At present all Notebook cells are executed linearly:

Cell 1
   |
Cell 2
   |
Cell 3

but sometimes there's no need to calculate Cell 2 in order to get result from Cell 3 and calculating Cell 2 might be time-consuming.
Setting cell dependency graph somehow would resolve this issue.

The text was updated successfully, but these errors were encountered:

takluyver · 2016-03-05T15:20:33Z

Have a look at ipycache if you have long-running cells that you don't always want to re-run. I don't think we want to get into defining a DAG of cells.

Carreau · 2016-03-07T17:31:53Z

There is a long thread we had a few years[*] ago about that on the mailing list.

[*] OMG I'm old now.

JamiesHQ · 2017-04-27T01:05:25Z

@nvdv : We're doing a little housekeeping on our issue log and noticed this thread from 2016. Has this issue been resolved to your satisfaction and can it be closed? thanks!

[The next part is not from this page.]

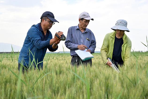 宁夏农林科学院农作物研究所研究员在麦地检测小麦叶片温度。
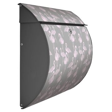 Der geschwungene Burg Wächter Briefkasten Toscana mit Motiv Flamingos Blass bietet Ihnen mit seinem großen Fassungsvermögen genügend Platz auch für große A4 Sendungen. Auf Wunsch können Sie bei uns den passenden Standfuß bestellen und so aus dem Wandbriefkasten einen Standbriefkasten machen. Der integrierte Öffnungsstopp ermöglicht eine einfache Handhabung beim Entnehmen der Post.

nvdv · 2017-04-27T05:57:25Z

It is feature request. I am not sure it was implemented, but its up to you to close it if you think its out of scope. On Apr 27, 2017 04:05, "JamieW" <[email protected]> wrote: @nvdv <https://github.com/nvdv> : We're doing a little housekeeping on our issue log and noticed this thread from 2016. Has this issue been resolved to your satisfaction and can it be closed? thanks! — You are receiving this because you were mentioned. Reply to this email directly, view it on GitHub <#1175 (comment)>, or mute the thread <https://github.com/notifications/unsubscribe-auth/AAtf16APooTt3sBAP6TLQPtctfkAultEks5rz-nXgaJpZM4HqAPF> .

adam-m-jcbs · 2018-10-03T16:42:10Z

The long thread discussing this, linked above by @Carreau , is unreachable for me. So apologies if I'm rehashing things discussed there.

I certainly agree managing a DAG of cells is not desirable. But it would be cool if there was a built-in cell magic for stating cells to be automatically run first before running the current cell. Naively, this doesn't seem to be too burdensome a feature to implement, but I'm mostly a Jupyter notebook user, not developer, so I could be wrong. Does there exist any such cell magic, or a cell magic that could be used for this purpose?

mxxun · 2018-10-17T12:09:37Z

For future reference: the long thread was moved.

nickurak · 2018-11-22T22:53:08Z

Conversely, while a dependency graph might tell you you don't need to evaluate/re-evaluate cell B just because A changed, it might also tell you that you're going to have a bad time trying to evaluate C if C depends on A.

In accordance with https://jupyter-notebook.readthedocs.io/en/stable/security.html , if someone tried to execute a cell that depended on another, I wonder if it would make sense to do so automatically?

At a minimum, it might be helpful to have some visual feedback to indicate that the cell isn't runnable until some particular cell above satisfies its dependencies.

pedrovgp · 2019-11-22T14:57:10Z

@takluyver, is there any reason for a DAG of cells to be out of question? Visualising cells in a graph would certainly allow both cell dependency to become clearer as well as improve story telling capabilities, since non-linear (branching) stories are hard to tell within today's notebooks.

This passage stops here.